Measurement of position is required in many applications. The most common measurement sensor is probably a mechanical potentiometer whereby a position is functionally related to the position of a sliding wiper, movable over a resistive track. The wiper is moved by an actuator whose position is to be measured. Some applications require a large number of sequential measurements, resulting in destructive wear of mechanical potentiometer components.
Accordingly, the inventor believes that it's desirable to have an electronic, non-contact, angle or position sensor, thereby eliminating any mechanical wear between a sensor contact wiper and a resistive track.
Many inventions teach electronic means for measuring position, based upon a broad array of actuators and sensors functionally dependent on physical parameters that change with position. Specific examples of physical parameters and their functional relationships for measurement of position are capacitance, optical, magnetic, electromagnetic, inductive, strain and combinations of these parameters. U.S. Pat. No. 5,773,820 references optical, U.S. Pat. Nos. 6,756,779 and 6,483,295 reference inductive, U.S. Pat. Nos. 6,362,719 and 6,486,767 reference strain gages, U.S. Pat. Nos. 6,809,512, 6,806,701, 6,498,480, 6,779,389, 6,717,399, and 6,798,195 reference magnetic, U.S. Pat. No. 6,393,912 references electromagnetic and U.S. Pat. Nos. 5,736,865 and 6,118,283 reference capacitive.
Published Patent Applications US 2004/0003660, 2004/0168467, 2005/0217366, and 2005/0247124 teach an encapsulated, linear, magnetic sensor, sensing a varying magnetic field from an annular ring magnet diametrically magnetized that is rotated by an actuator. The linear output voltage can be converted to a pulse-width-modulated (PWM) signal for transmission.

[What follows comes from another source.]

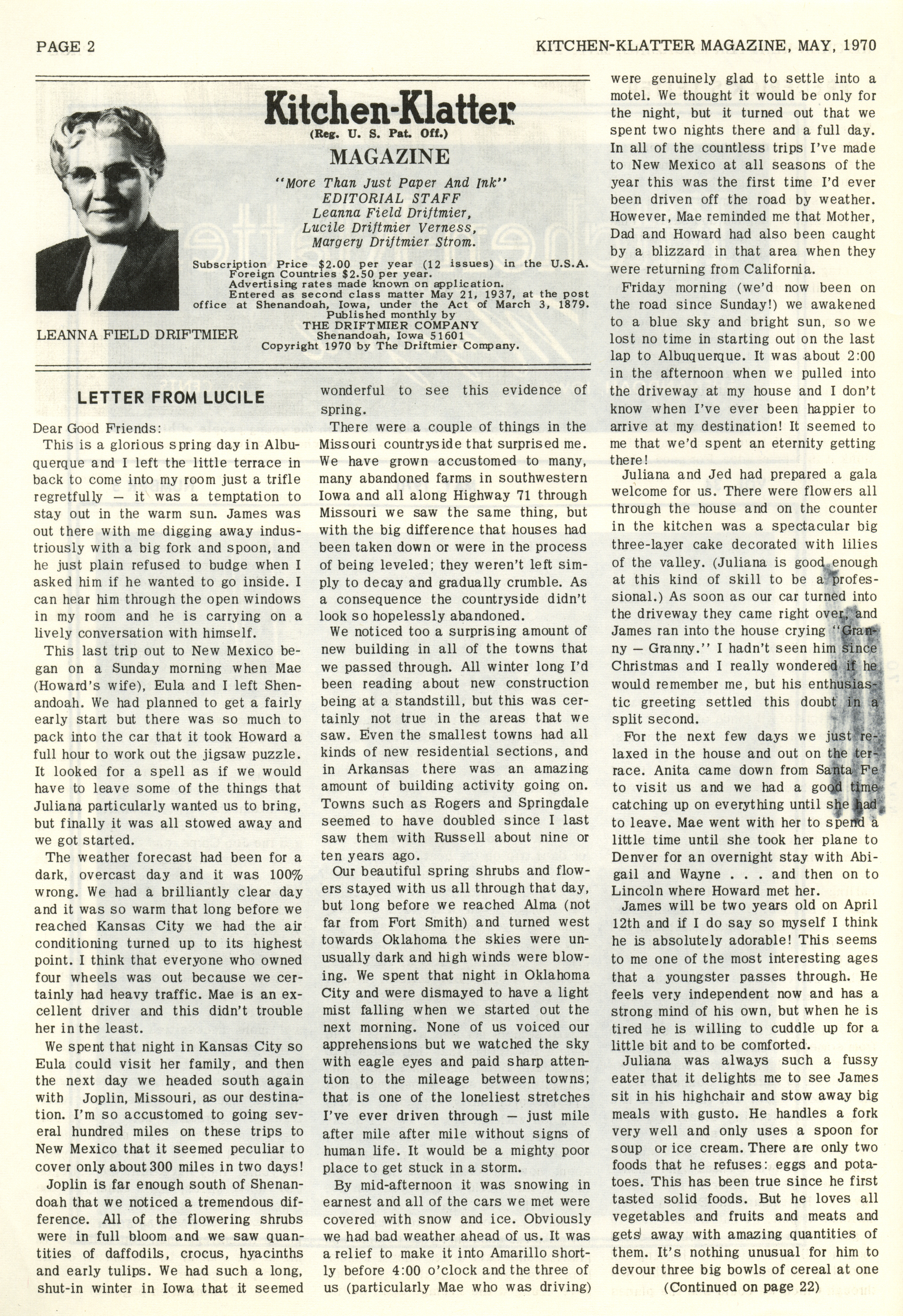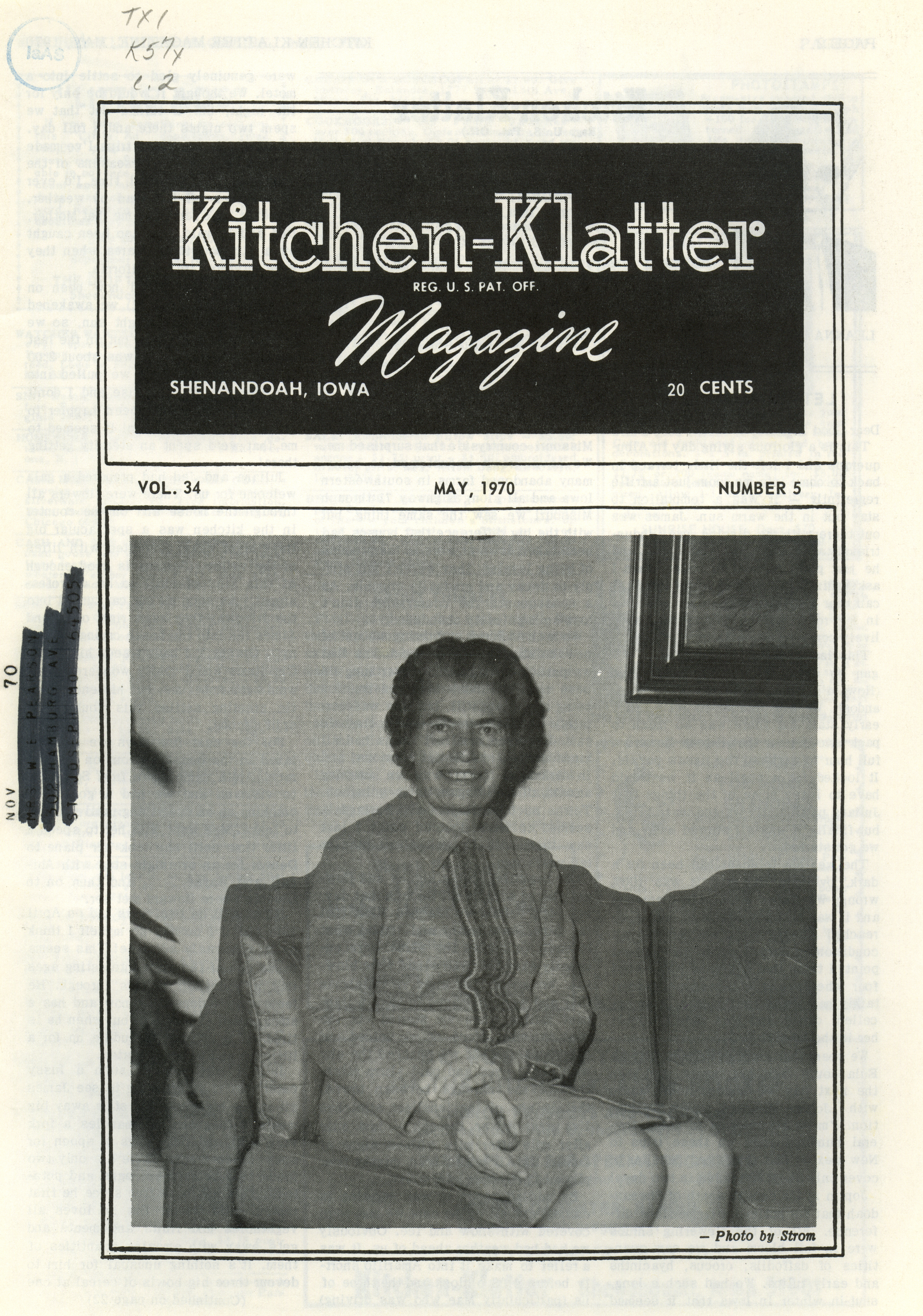 - "Kitchen-Klatter v. 34, n. 05, 1970", Kitchen-Klatter Magazine Issues, Iowa State University Library Digital Collections

A generally common technical thread running through these inventions is that a sensor puts out a signal that directly represents the measured parameter. The output signal may be linear or non-linear. If the signal is non-linear it may be processed to develop a linear result. If the signal is a simple change in voltage or resistance, a processing stage can convert the signal to another form for transmission, e.g. a voltage signal may be converted into PWM for transmission.

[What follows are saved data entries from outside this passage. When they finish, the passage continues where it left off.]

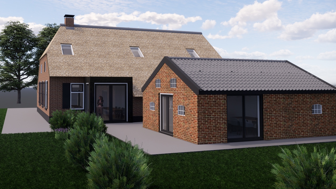 Een opdrachtgever uit Zuid-Drenthe bewoont het voorhuis van een grote riet-gedekte boerderij.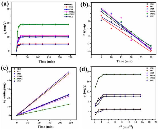 where qe (mg g−1) and qt (mg g−1) are the adsorption capacity at equilibrium time and time t (min), respectively; k1 (g mg−1 min−1) is the pseudo-first-order rate constant; k2 (g mg−1 min−1) represents the second-order rate constant; kid (mg g−1⋅min1/2) is the intraparticle diffusion rate constant; and c (mg g−1) is the constant that represents the thickness of the boundary layer.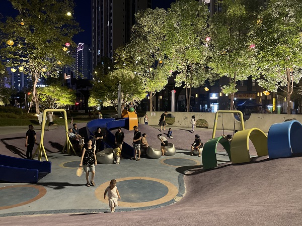 市河东新区慈音街道棉场社区居民李富良说:“这里环境优美,周围设施也很齐全,就餐、遛娃都很便利,希望更多的商家来这里发展,让这里人气更旺,更有烟火气。”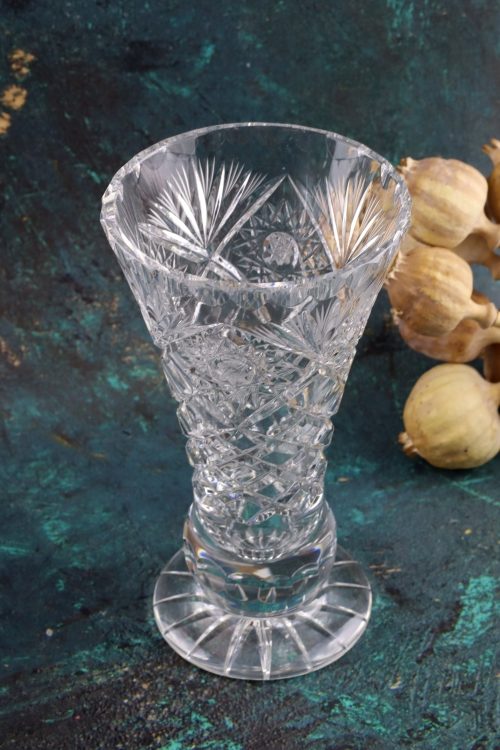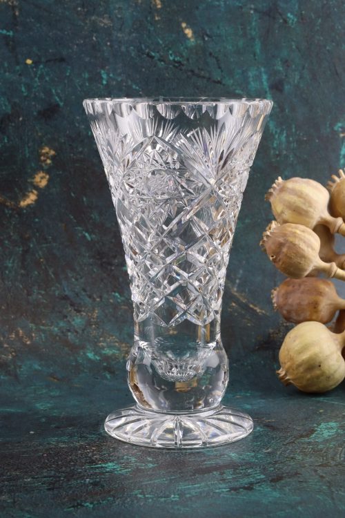 Kryształowy wazonik na stopie.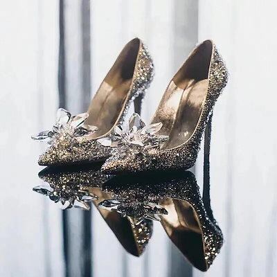 メガ割 ラインストーンハイヒールシンデレラシューズ女性パンプス先のとがったつま先女性クリスタル福袋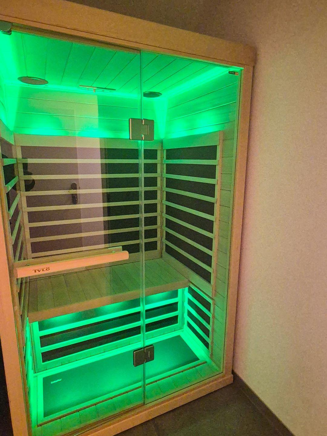 Eine eingebaute Infrarotsauna steht zu jeder Jahreszeit zur kostenlosen privaten Benutzung zur Verfügung.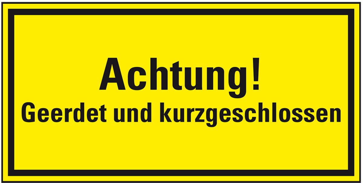 Das Hinweisschild "Achtung! Geerdet und kurzgeschlossen" ist ein Zusatzzeichen, das zusammen mit einem Sicherheitszeichen verwendet werden und zusätzlich Hinweise in Form eines kurzen Textes liefern kann.

Another parameter measurement technique is a closed-loop electronic method, balancing or compensating a changing parameter value that can be sensed in a closed-, analog, or digital loop rather than with a direct sensor output signal of a parameter measurement. In this case a second, controlled signal is used to generate a variable value of the parameter being measured. A sensor is used to detect the difference or superimposed interaction between the parameter signal to be measured and a secondary, controlled parameter value signal. When the controlled value and the unknown value match, i.e. balance, the sensor puts out a signal disclosing the match that is not dependent on the matching values. The value of the control signal needed for the secondary parameter value to match the unknown parameter value determines the value of the unknown signal. This is sometimes called a null or balance measurement. The parameter may be any generated physical signal such as from force, position, angle or magnetic field. A simple balance scale is an example of a force balancing measurement. An unknown weight in one tray is balanced by varying a known weight in the other tray until the scale pointer is at zero. The unknown weight then matches the known weight. The scale pivot only has to be good at zero balance. Accuracy is determined mostly by accuracy of the known weights that are used to balance the scale. The scale pivot reads zero at balance regardless of the weight being measured.

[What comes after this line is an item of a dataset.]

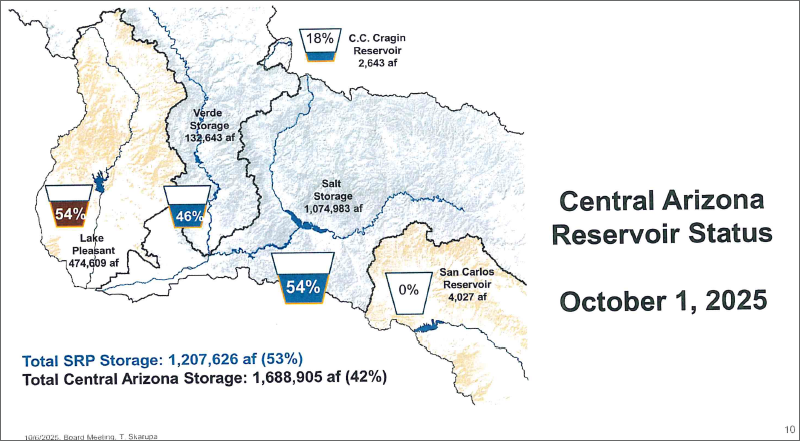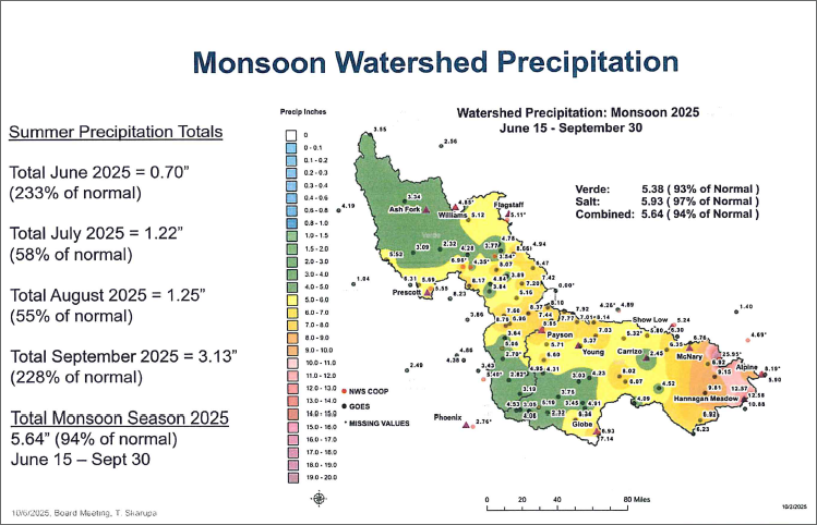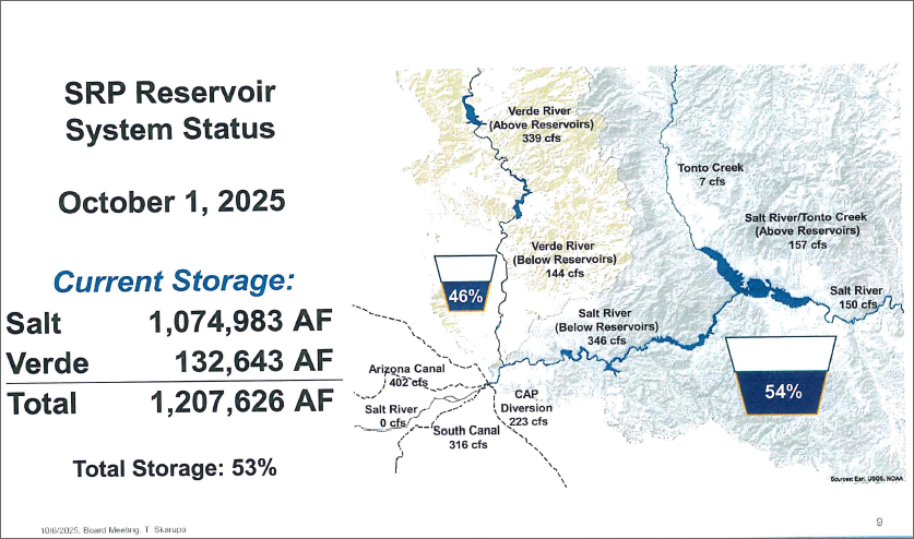 Here is your long-anticipated water update from SRP. These slides are from the SRP Board Meeting, October 6, 2025. The monsoon season officially ended on September 30th, and the data in the following slides is based on that end date.

Force balance methods of measurement are well known to those skilled-in-the-art. U.S. Pat. No. 6,618,325 describes a single-coil geophone that uses a force-balance. U.S. Pat. No. 6,496,348 teaches a force-balance feedback measurement with a capacitive sensor. Magnetic field cancellation or balance for measuring current is taught in U.S. Pat. No. 4,596,950. Null detection is used in U.S. Pat. No. 6,750,751 develop an integrated circuit signal isolator, including a feedback coil coupled to the output of the magnetic field sensor.
A major advantage of these signal balance methods is that the sensor does not have to develop a highly linear output or have a low temperature drift at all values of the measured parameter; many sensors have zero or very low temperature coefficients near zero signal field. Its sensor should be highly repeatable at the value of the trip or trigger point that is usually, but not necessarily, at zero force or field. It's also desirable for the sensor to be very sensitive to any change in the measured parameter. Finally, its necessary for the compensating or balancing signal to be accurately controllable in order to determine the balance, e.g. the accuracy of known weights used on a weight balance scale. Although force or field balancing has been used in many fields, the inventor believes that a direct application to position, or angular measurement in a pedal position or fuel level sender application is not known. No single, electronic, non-contact angular measurement sensor has proven to be completely satisfactory for all vehicular applications, such as fuel level senders, throttle position sensors, and pedal position sensors . Per-unit cost, even in large volume, is often too great and becomes the limiting factor for commercial success of an electronic angle or position sensor for vehicles. Accordingly, the inventor considers it desirable to have a non-contact or long-life sensor for measuring angle or position that is cost competitive with mechanical methods.